The invention discloses a URL duplication eliminating method in a distributed crawler system, which comprises the step of putting a Hash value into 2 m Each node processes a segment on a continuous Hash ring, and each node corresponds to a Bloom Filter structure. The URL duplicate removal process comprises the steps of calculating Hash to obtain a corresponding server node, and judging whether the corresponding server node exists according to the content of the Bloom Filter. The method adopts a mode of combining consistent Hash and Bloom filters, can dynamically increase Bloom Filter nodes according to needs, can ensure that the false positive misjudgment rate of the Bloom filters is controlled within a given range when the number of URLs is continuously increased, can fully utilize the high efficiency of the Bloom filters, is suitable for constructing large-scale distributed network crawlers, and supports high-efficiency capture of mass webpage contents.

Description

URL duplication removing method in distributed crawler system
Technical Field
The invention relates to the technical field of networks, in particular to a URL duplicate removal method in a distributed crawler system.
Background
The web crawler is a program for automatically capturing web content according to a certain rule, and is widely applied to the field of internet.
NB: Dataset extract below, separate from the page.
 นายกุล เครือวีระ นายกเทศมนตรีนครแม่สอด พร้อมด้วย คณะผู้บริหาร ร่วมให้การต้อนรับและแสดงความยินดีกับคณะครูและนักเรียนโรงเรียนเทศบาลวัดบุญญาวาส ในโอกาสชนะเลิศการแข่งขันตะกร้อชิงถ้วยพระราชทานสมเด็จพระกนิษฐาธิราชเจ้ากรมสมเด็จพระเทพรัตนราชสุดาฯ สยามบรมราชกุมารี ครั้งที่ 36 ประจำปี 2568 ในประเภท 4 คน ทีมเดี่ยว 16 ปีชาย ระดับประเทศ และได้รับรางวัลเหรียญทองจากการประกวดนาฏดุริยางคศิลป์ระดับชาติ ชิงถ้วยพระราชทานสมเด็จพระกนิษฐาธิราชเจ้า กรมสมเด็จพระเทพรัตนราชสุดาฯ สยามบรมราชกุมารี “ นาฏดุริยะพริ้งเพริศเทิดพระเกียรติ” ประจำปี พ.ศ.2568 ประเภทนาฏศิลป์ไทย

The crawler starts to download the page content from the appointed URL address, extracts the URL address therein, and then starts to continuously download the content from the URL addresses. Since the newly extracted URL address may have already been processed, continuing processing may result in repeated downloads, wasting bandwidth and computing resources. The URL duplication removal technology is widely applied to network auditing systems and search engine systems. In a distributed web crawler system, a certain strategy is required to be adopted to distribute URL tasks to a plurality of servers for parallel grabbing, and the division strategy must be efficient and easy to implement. In a distributed environment, the URL address extracted by a host may have been processed by other hosts in the system, and therefore the system needs a distributed URL deduplication mechanism. The URL deduplication technology mainly considers two problems: the URL storage space and the URL matching speed. The storage space of the URL refers to the maximum number of non-duplicate URLs that can be handled and the memory space occupied by each URL. URL match speed is measured by the time it takes to determine whether a URL record is a duplicate URL.
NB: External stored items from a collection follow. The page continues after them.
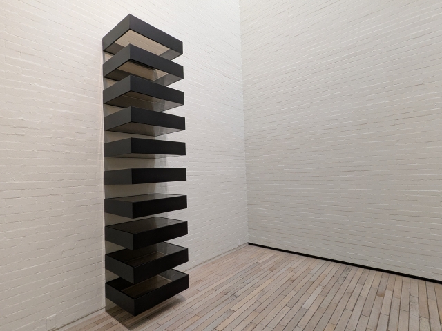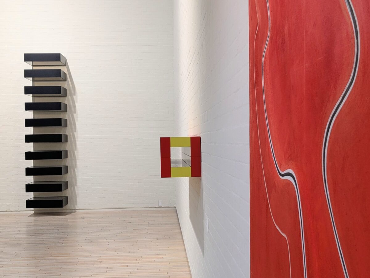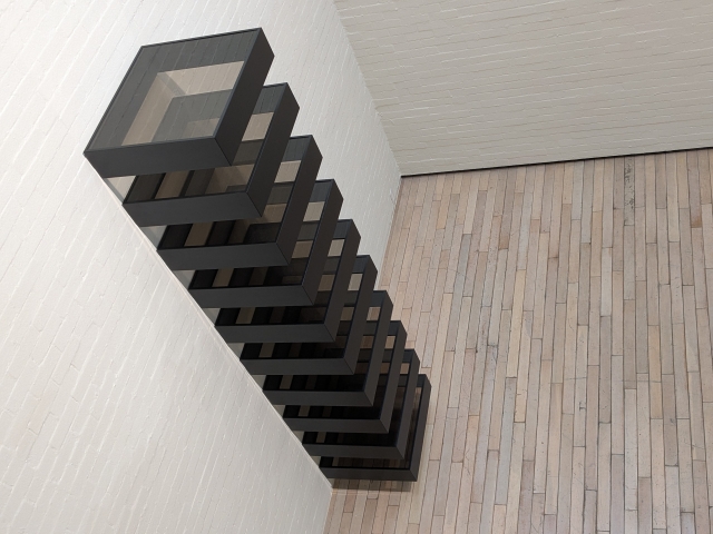 空間を大事にしていたというジャッドの作品であるからこそ、展示室全体という空間を含めて見てみるのも面白そう。作品がない空っぽの展示室をイメージしたあとに、作品の存在でどれくらいか変わるか考えてみたらどうでしょうか。作品単体ではなく、空間を変化させる装飾として認識してみると、見え方が一気に変わってきました。
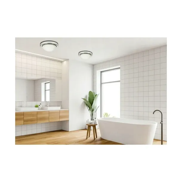 Plafon marki Candellux model: 11-96916 jest przedstawicielem serii RODA. Materiał z jakiego lampa została wyprodukowana to: klosz szklany, podstawa metalowa. Źródłem światła jest żarówka 1xE27 (brak żarówek w zestawie). Opis producencki produktu: plafon bryzgoszczelny; eleganckie połączenie metalu i szkła; biały klosz gięty otoczony metalowym ringiem; idealny na przedpokój, do kuchni i łazienki; dostępny w dwóch wersjach kolorystycznych podstaw (chrom i satyna) i dwóch rozmiarach, również IP20 Wymiary: wysokość: 11 cm, szerokość: 27,5 cm, głębokość: 27,5 cm. Waga: 1 kg.
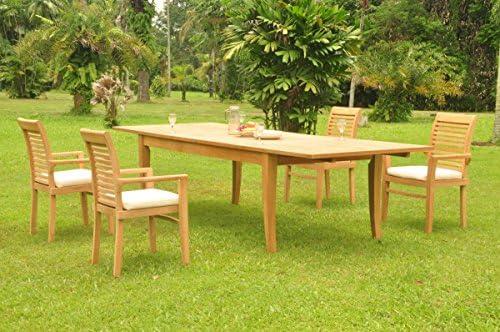 This dining arrangement features a beautiful rectangular table made from Grade-A teak wood, known for its durability and resistance to weathering. The table measures 83 inches but can be effortlessly extended to 122 inches, providing ample space for gatherings. With a height of 31.5 inches, it comfortably accommodates diners. The set includes four stacking arm chairs that offer both comfort and convenience, making them ideal for easy storage. Each chair is fully assembled and complements the table’s aesthetics, making your dining space both functional and elegant.
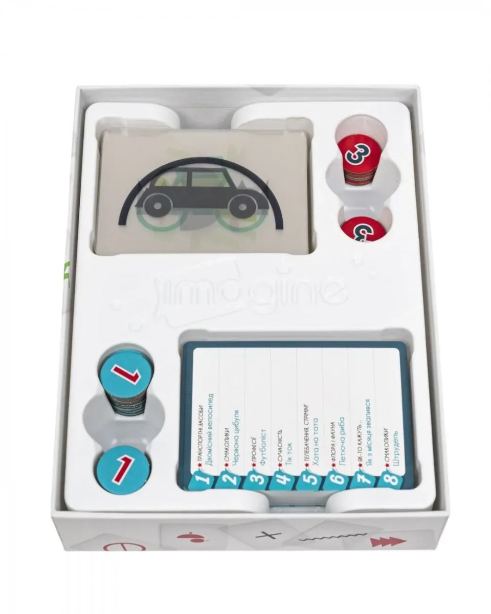 «Геометрія уяви» – це захоплююча асоціативна паті-гра, в якій учасники використовують свою уяву та спеціальні прозорі карти з різними позначками, візерунками і зображеннями для створення різноманітних образів, предметів або сценаріїв. Гра надає можливість розкрити творчий потенціал, розвиває просторове мислення, фантазію та співпрацю.
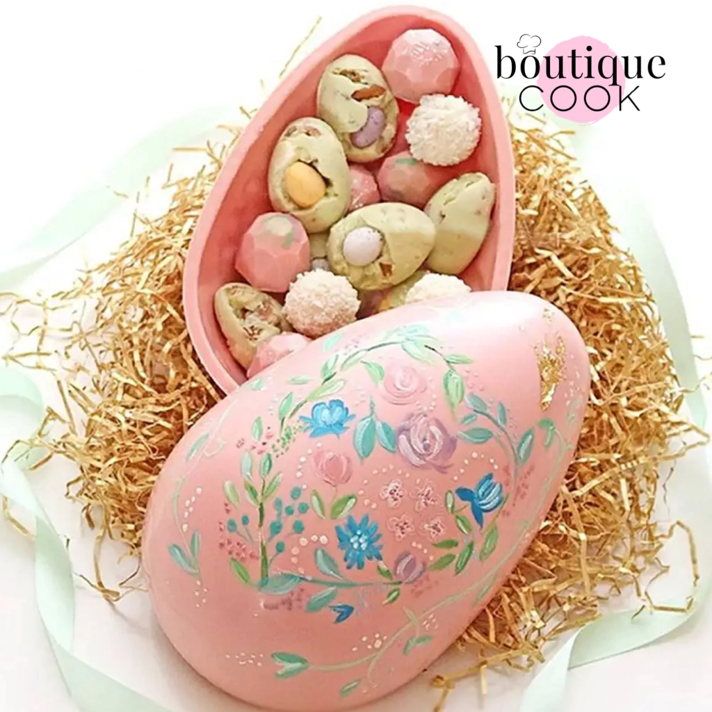 El molde consta de dos mitades, derecha e izquierda, que se mantienen unidas mediante pequeños broches que se posicionan en los extremos del molde. Para realizar la figura, rellenar una de las mitades con chocolate derretido templado (la cantidad de chocolate que utilices dependerá de si querés una figura totalmente compacta, o realizarla con centro hueco; de ser la segunda opción, asegurate de utilizar suficiente chocolate para crear una capa sólida y resistente), luego cerrar el molde juntando ambas mitades y sujetar con los ganchos. Antes de dejarlo secar, mové el molde de tal manera que toda la superficie esté cubierta y no queden partes de la figura vacía (recomendamos, además, mover también el molde durante el tiempo de solidificación del chocolate, para que el chocolate no se acumule en la base de la figura y cree una desproporción con respecto al resto de las caras). Podés dejar solidificar a temperatura ambiente o en la heladera por algunos minutos. Una vez seco, desmoldar con cuidado y retirar la figura del molde.
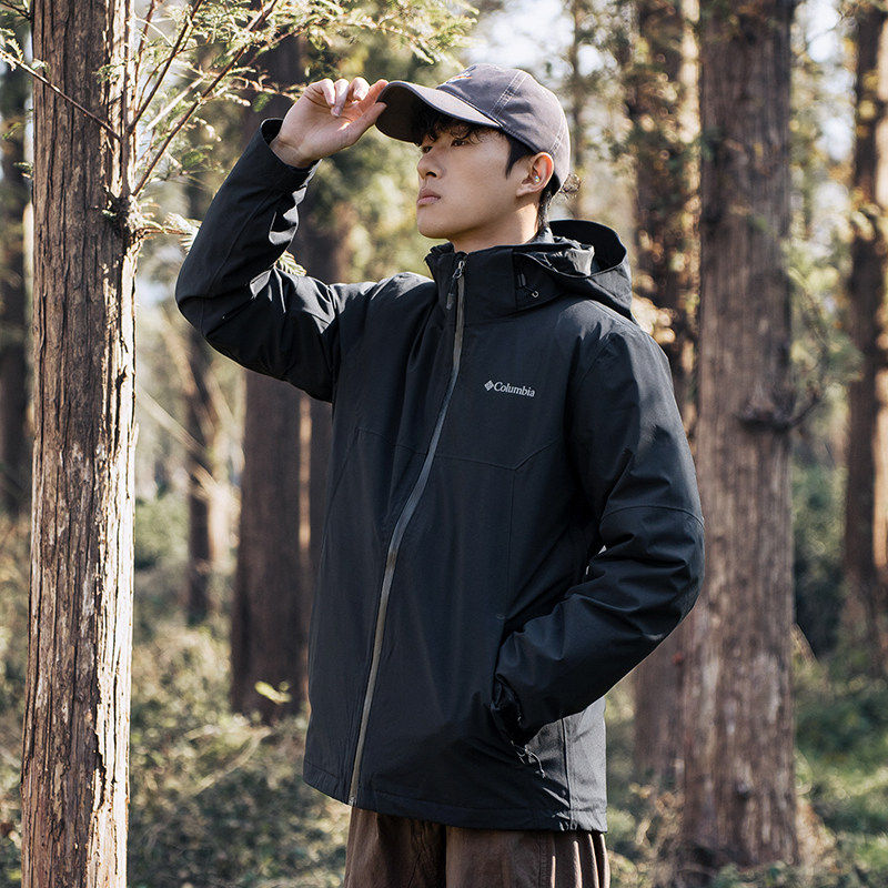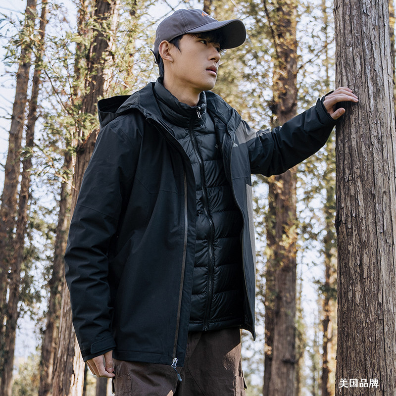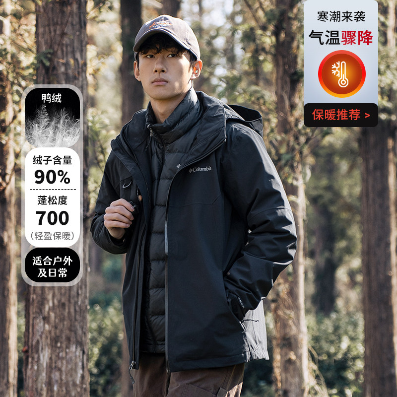 【自营】哥伦比亚男羽绒三合一冲锋衣新款连帽夹克户外运动服外套
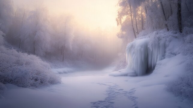 Majestic frozen wilderness with snowy trees and ice waterfall in tranquil winter sunset

Bloom Filter is an efficient tool for handling URL deduplication. The main idea of the deduplication scheme of the BloomFilter algorithm roughly includes: and mapping the same URL to different bits in the same bit array through a plurality of different Hash calculation functions, and identifying the acquisition state of the URL (whether the URL is acquired or not) according to the states of the plurality of different bits in the bit array. The BloomFilter algorithm has the advantages that the acquisition state of the URL can be judged only by storing a data structure such as a bit array in a memory, specific URLs do not need to be stored, the occupied storage space is small, and meanwhile, the searching and calculating speed is high. However, when determining whether an element belongs to a set, the BloomFilter algorithm may misinterpret elements that do not belong to the set as belonging to the set. Therefore, the BloomFilter algorithm has the defects of inaccuracy and certain error.
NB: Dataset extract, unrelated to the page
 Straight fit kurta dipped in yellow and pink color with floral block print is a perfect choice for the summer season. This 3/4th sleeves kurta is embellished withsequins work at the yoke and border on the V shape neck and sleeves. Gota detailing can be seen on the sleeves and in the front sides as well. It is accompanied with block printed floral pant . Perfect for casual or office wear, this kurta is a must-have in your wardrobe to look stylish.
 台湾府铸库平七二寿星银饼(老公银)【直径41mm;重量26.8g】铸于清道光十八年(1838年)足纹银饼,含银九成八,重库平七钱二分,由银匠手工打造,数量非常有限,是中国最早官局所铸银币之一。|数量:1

At present, some existing URL deduplication schemes based on Bloom filters are deficient in the aspects of efficiency, expandability, performance and the like. For example, an Internet Archive crawler uses a Bloom Filter of 32KB to store all the URLs for each web site. The amide crawler uses 8KB Bloom filters to store all URLs of each website, and decides which Bloom Filter a URL is specifically stored in according to the hash value of the website domain name. In general, the Bloom Filter organization scheme in these schemes is relatively fixed. For some large-scale web portals (such as the newwave web, the newcastle web, etc.), because the number of URLs under the domain name is large, it is often difficult to store the URL using a Bloom Filter with a fixed size and a limited length; for some small-scale websites, too large Bloom filters are used, which inevitably causes waste of storage space. In addition, some information acquisition systems with high requirements on processing performance often deploy a large number of web crawlers in a network distribution environment to perform parallel crawling of web pages. For the URL deduplication problem in such application scenarios, most of the existing Bloom Filter and some of its improvements are difficult to adapt.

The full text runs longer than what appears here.